Trade‑off: Batching raises throughput but can increase per‑event latency and broaden tails. For ultra‑low‑latency SLAs, reduce batching and reserve dedicated cores; for maximum throughput, increase batching with awareness of the latency impact.

Methodology notes

  • Each measurement run uses pooled message instances (BasePoolAware) to avoid transient allocations.
  • End-to-end latency measured from publish to handler receipt; distributions recorded with HdrHistogram.
  • On macOS, core pinning and isolation are best-effort only; background noise can impact the top percentiles (p99+). On Linux with CPU isolation and taskset/cset, expect tighter tails.

Reproducing

  • Run: BenchmarkObjectPoolDistribution in report mode from your IDE or CLI.
  • Ensure JIT warm-up and steady-state before collecting .hgrm distributions.
  • Copy or link the generated .hgrm files into this directory.
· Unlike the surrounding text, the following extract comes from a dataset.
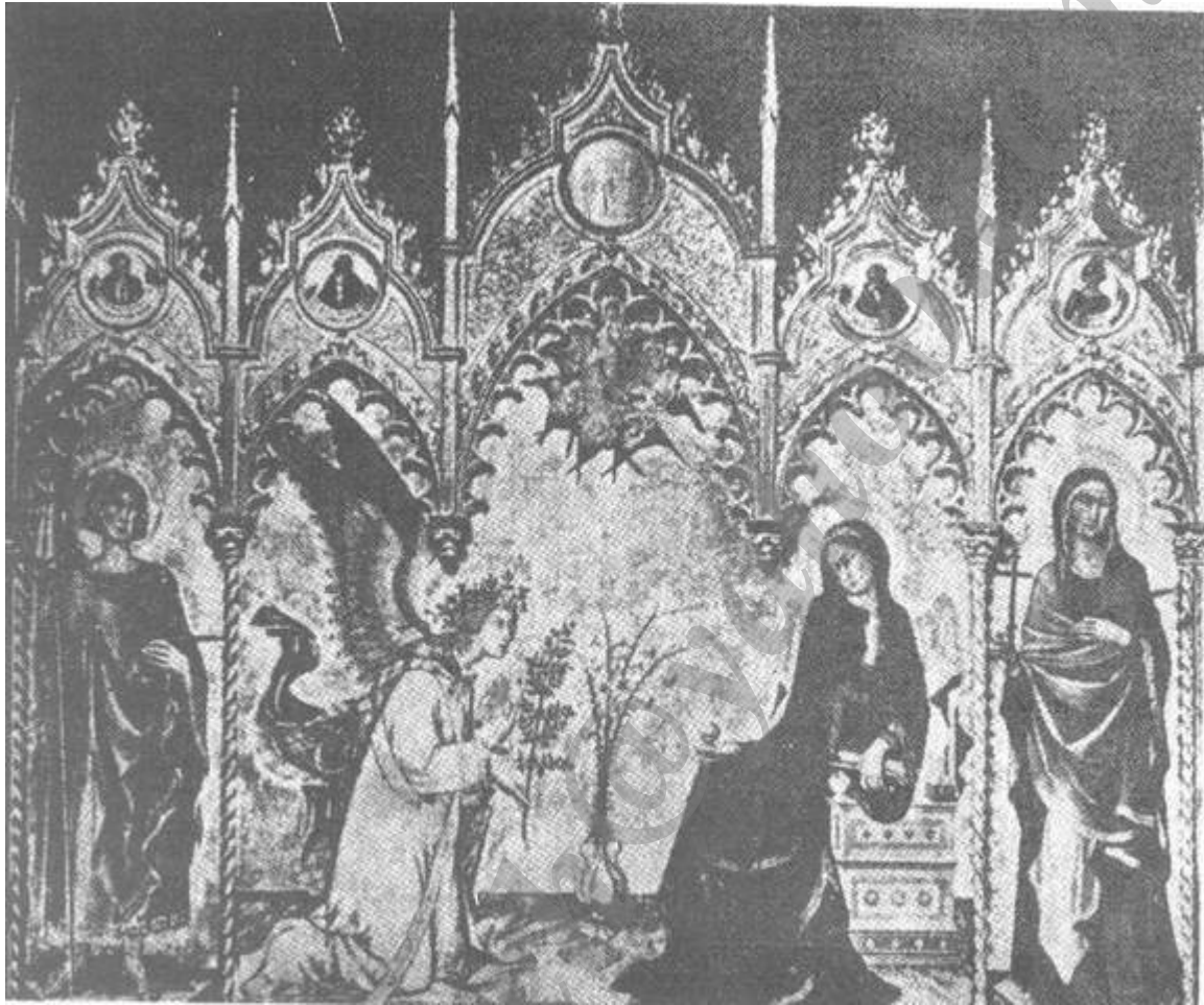
سیمونه مارتینی: عید بشارت؛ گالری اوفیتسی،

برمی‌خورند که درون آنها اجساد پادشاهان در حال فاسد شدن است. یکی از شکارچیان از شدت عفونت بینی خود را گرفته است؛ برفراز این صحنه، فرشته مرگ با داس عظیم خود بال‌گسترده است؛ در آسمان الاهگان رحمت ارواح رستگار را به فردوس برین همراهی می‌کنند؛ و در همان حال، دیوهای بالدار بیشتر مردگان را به دوزخ می‌کشانند؛ افعیها و لاشخورهای سیاه مشغول خوردن و تکه‌پاره کردن بدنهای عریان زنان و مردان هستند؛ و در زیر آنها، شاهان، ملکه‌ها، شاهزادگان، اسقفان، و کاردینالها در چاه ویل در هم ریخته‌اند. در فرسکو عظیم دیگری بر دیوار مقابل، همین نقاشان، در سمت چپ، صحنه واپسین داور و، در سمت راست، تصویر دیگری از دوزخ را نقش کرده‌اند. همه وحشتناک‌های الاهیات قرون وسطایی در این تابلو شکل جسمانی گرفته‌اند؛ دوزخ دانته است که بی‌هیچ‌گونه رحم و محدودیتی تجسم یافته است.

Update or regenerate the accompanying charts if needed.

Takeaways

  • Based on sub-microsecond average latency at 1M mps (≈270 ns) and strong high-percentile performance with zero‑GC hot paths, this is world‑class performance for a Java in‑JVM event processing server.
  • Mongoose Server can sustain ~10 million msgs/sec in this configuration on commodity hardware by leveraging batching and Zero‑GC pooled events.
  • Latency distributions broaden with increased batching; tune batch sizes and idle strategies according to your SLA (throughput vs. latency).
  • For production-grade latency characterization, run on a Linux host with CPU isolation to reduce OS jitter and tighten the high-percentile tail.